We now review some of the methods and datasets used in the literature and compare them in table 1. Most of the datasets listed are of very limited size and do not include accompanying text segments so as to enable reading comprehension. Furthermore, all datasets with size bigger than 1000 questions are synthetically generated. Approaches have tackled specific types of questions and are heavily dependent on their nature focusing more on document retreival. In Azmi and Alshenaifi (2016), they attempt to answer ”why” questions using classic IR methods and rhetorical structure theory, and their methods are evaluated on a set of 100 questions. On the other hand, DefArabicQA Trigui et al. (2010) focuses on definition question and uses an answer ranking module based on word frequency. QArabPro Akour et al. (2011) employs a rule-based question answering system and obtains an 84% accuracy on 335 questions based on Wikipedia. The SemEval task 3 in 2015, 2016, and 2017 Nakov et al. (2017) tackled community question answering. It included a task in Arabic with each data point consisting of a paragraph, a question, and multiple answers, and the goal was to rank them in order of relevance. One of the strategies used to solve the 2015 edition was to train an SVM ranker by embedding the questions and answers using Word2vec Belinkov et al. (2015). The type of data used is not constructive for training answer extraction systems but can be helpful for recognizing relevance.
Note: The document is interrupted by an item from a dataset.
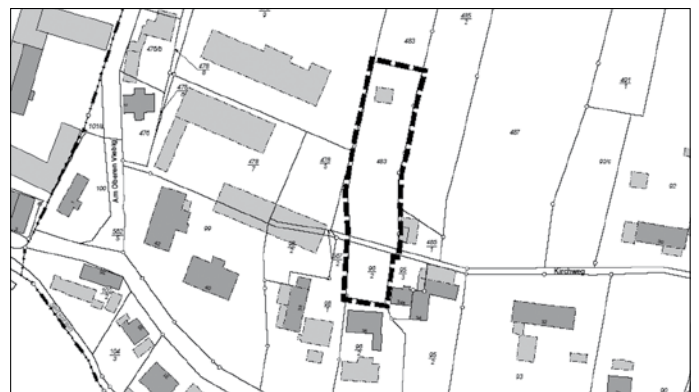
Lageplan mit Abgrenzung des räumlichen Geltungsbereiches der Ergänzungssatzung - unmaßstäblich
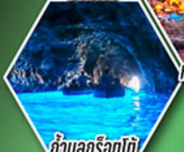
ถ้ำลูกรोटโต้

QA Datasets. As previously mentioned, the driver behind progress in QA has been the release of large datasets in addition to advances in deep learning and language representation models Devlin et al. (2018). The most popular benchmark for reading comprehension has been the Stanford Question Answering Dataset Rajpurkar et al. (2016). Other notable datasets include: WikiQA Yang et al. (2015), a sentence selection task using Wikipedia passages, and TriviaQA Joshi et al. (2017), a dataset of trivia questions with provided evidence.
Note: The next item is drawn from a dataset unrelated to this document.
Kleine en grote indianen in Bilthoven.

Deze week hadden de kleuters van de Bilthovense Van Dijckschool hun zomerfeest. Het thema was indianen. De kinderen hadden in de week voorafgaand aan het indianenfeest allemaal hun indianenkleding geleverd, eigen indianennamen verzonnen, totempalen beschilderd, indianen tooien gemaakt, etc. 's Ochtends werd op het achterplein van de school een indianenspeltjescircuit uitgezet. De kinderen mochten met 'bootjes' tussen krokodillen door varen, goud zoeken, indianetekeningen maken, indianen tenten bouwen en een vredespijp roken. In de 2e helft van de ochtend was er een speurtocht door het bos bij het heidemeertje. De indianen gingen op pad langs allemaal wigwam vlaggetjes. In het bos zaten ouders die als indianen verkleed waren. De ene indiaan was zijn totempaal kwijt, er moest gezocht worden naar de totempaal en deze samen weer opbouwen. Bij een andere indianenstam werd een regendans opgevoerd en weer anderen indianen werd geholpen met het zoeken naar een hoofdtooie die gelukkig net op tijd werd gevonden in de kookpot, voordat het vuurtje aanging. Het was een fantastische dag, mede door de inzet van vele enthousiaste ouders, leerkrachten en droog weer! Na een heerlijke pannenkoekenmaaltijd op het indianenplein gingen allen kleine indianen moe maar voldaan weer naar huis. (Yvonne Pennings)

**Reading comprehension and QA. **Recently, machine reading comprehension has made significant progress using recurrent models and attention mechanisms to capture long term interactions Seo et al. (2016), and this has prompted its use as part of open-domain QA. On the other hand, given that recurrent networks are slow in training and inference, QANet Yu et al. (2018) proposes an approach based only on convolutions and self-attention that is able to achieve very competitive results on SQuAD while being 10x faster than recurrent based approaches such as Bidirectional Attention Flow (BiDAF) Seo et al. (2016). For open-domain QA, Chen et al. (2017) investigates the use of Wikipedia as a knowledge source and implements a two component system based on a TF-IDF retriever and a RNN reader achieving a 29.8% exact- match accuracy on open-SQuAD. Other approaches have attempted to build more sophisticated retrievers by formulating it as a reinforcement learning problem Wang et al. (2018b, a), or as a supervised learning problem using distant supervision for data Das et al. (2018); Lin et al. (2018).

In the following sections we will first describe the datasets collected, and then our proposed method for Arabic open-domain question answering.

3 Dataset Collection

3.1 Arabic Reading Comprehension Dataset

To properly evaluate our system, we must have questions written by proficient Arabic speakers, and thus we resort to crowdsourcing to develop our dataset.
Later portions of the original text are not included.